Se rendre aux Etats-Unis va-t-il devenir de plus en plus compliqué ? La question se pose alors que début juin, Donald Trump a publié son «travel ban», une liste de douze pays dont les ressortissants ne peuvent plus fouler le sol américain depuis le 9 juin. Cela concerne aussi bien le Yémen, que le Soudan, la Libye, la Somalie, la Birmanie, l'Afghanistan, le Tchad, la République du Congo, la Guinée équatoriale, l'Érythrée, Haïti et bien sûr l'Iran. Sept autres pays étant visés par des exceptions.
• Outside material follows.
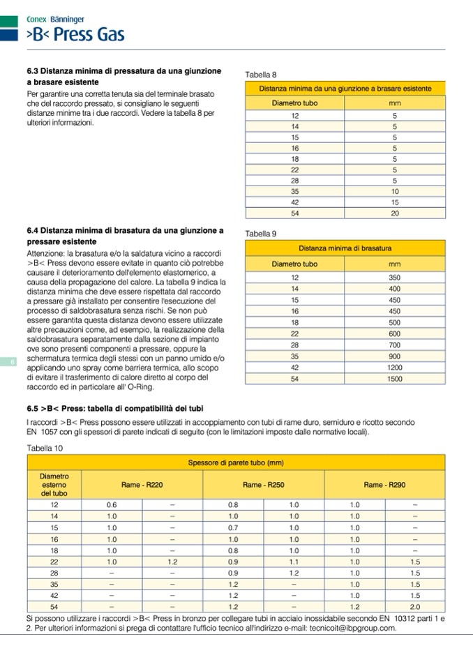 I raccordi >B< Press possono essere utilizzati in accoppiamento con tubi di rame duro, semiduro e ricotto secondo

Pour justifier son choix, le président américain a invoqué la nécessité de «protéger» le pays des «terroristes étrangers». Avant d’ajouter : «Nous ne voulons pas d’eux.» Mais cette liste pourrait largement s’allonger à en croire BFMTV, qui s’appuie sur une information du Washington Post. En effet, une note interne viserait pas moins de 36 autres pays, dont 25 en Afrique. Pourquoi ? Parce que ces Etats n’auraient pas répondu aux «exigences» américaines en matière de sécurité. Washington réclame également des engagements en faveur de la lutte contre les faux papiers et une coopération en faveur du retour de ressortissants expulsés, ou encore des mesures concernant les émissions de documents d’identité fiables.

Au moins 33 pays africains

Quels seraient les pays concernés ? En Afrique, il y aurait l’Angola, le Bénin, le Burkina Faso, le Cap-Vert, le Cameroun, la République démocratique du Congo, Djibouti, l’Éthiopie, l’Égypte, le Gabon, la Gambie, le Ghana, la Côte d’Ivoire, le Libéria, le Malawi, la Mauritanie, le Niger, le Nigeria, le Sénégal, le Soudan du Sud, la Tanzanie, l’Ouganda, la Zambie et le Zimbabwe. A noter que le Burundi, la Sierra Leone et le Togo étaient déjà visés par des restrictions.

Au total, cela concernerait donc 33 des 55 pays du continent africain. En dehors de l’Afrique, Donald Trump prévoit un «travel ban» pour le Bhoutan, le Cambodge, Antigua-et-Barbuda, la Dominique, le Kirghizstan, Saint-Kitts-et-Nevis, Sainte-Lucie, Sao Tomé-et-Principe, la Syrie, les îles Tonga, Tuvalu et le Vanuatu.

60 jours pour se mettre en conformité

«Nous ne pouvons pas autoriser une migration ouverte en provenance d'un pays où nous ne pouvons pas contrôler et filtrer de manière sûre et fiable…», laissait entendre le président américain depuis la Maison-Blanche le 5 juin dernier. Désormais, les nouveaux pays concernés ont 60 jours pour se conformer aux exigences américaines. Dans le cas contraire, leurs ressortissants pourraient se voir refuser l’accès total ou partiel au pays. Sauf exception bien sûr. C’est déjà le cas pour les footballeurs qui participeront à la Coupe du monde 2026.